Cookin’ With Grandma

Grandma 1A few posts back, Brian of Bonnywood mentioned in a comment his Granny’s way of writing recipes, which led to a discussion of potatoes and the proper use of sarcasm.

Long story short, I wound up hunting for my grandma’s recipes, and you know what? I found the one my mom received after telling Grandma, “Write down everything!”

This is what Grandma gave her:

Open cabinet door. Take out your oblong glass cake pan.
Next, roll out graham crackers. Put layer in bottom of pan.
Thicken a quart of rhubarb sauce and pour over crumbs and cool good.
Take a tub of Cool Whip, add small marshmallows and put on top of rhubarb. Next mix up a box of instant vanilla pudding and then put that on top.

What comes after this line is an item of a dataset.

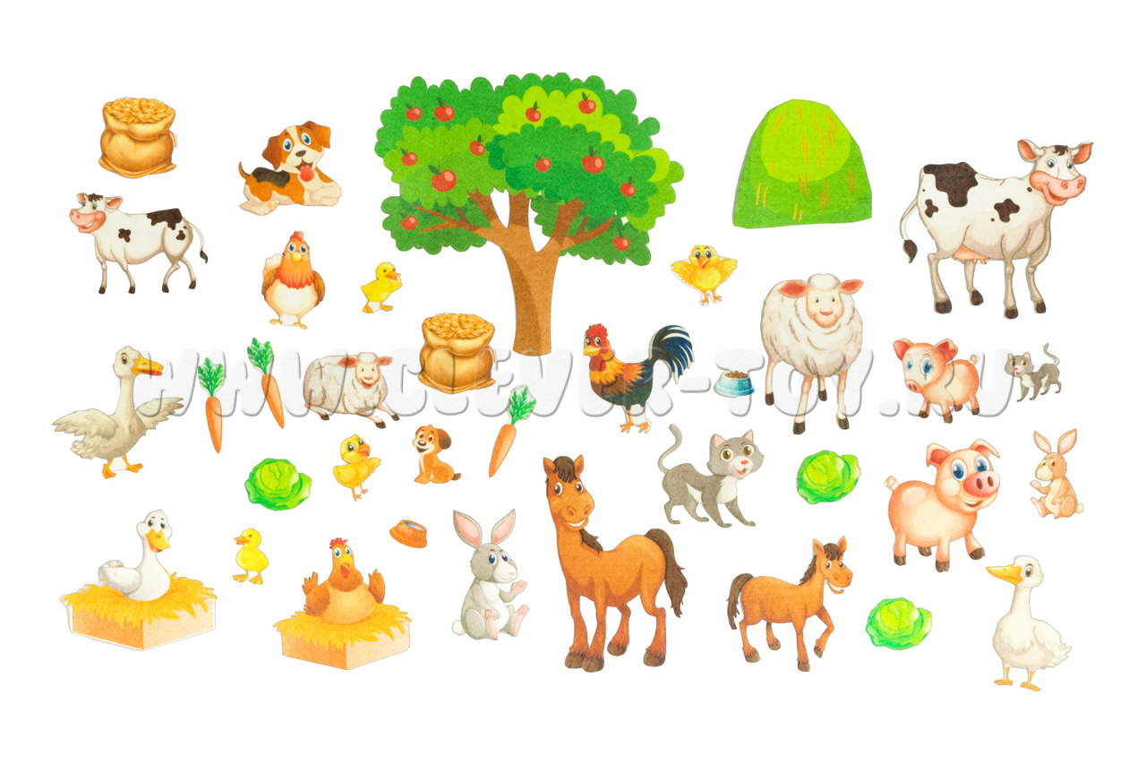 - игровые элементы и фигурки животных – коровы, поросята, курицы, петух, собаки, кошки, зайчики, лошади, овцы, гуси, цыплята, сено, мешки с зерном, морковка, капуста, яблоня.

Sprinkle graham cracker crumbs on top. Then when cooled good you can eat it.

Notice how Grandma mastered the art of crystal clear confusion?

I decided we needed to chat.

Beings how she was called to that great heavenly kitchen in the sky some 25 years ago, this proved tricky. Once again, my imagination didn’t let me down.

Jump to Recipe

Me: Grandma! Oh my gosh, it’s so good to see you! (We hug.) How have you been?

Grandma: Where am I?

Me: In my blog.

Grandma: Your what?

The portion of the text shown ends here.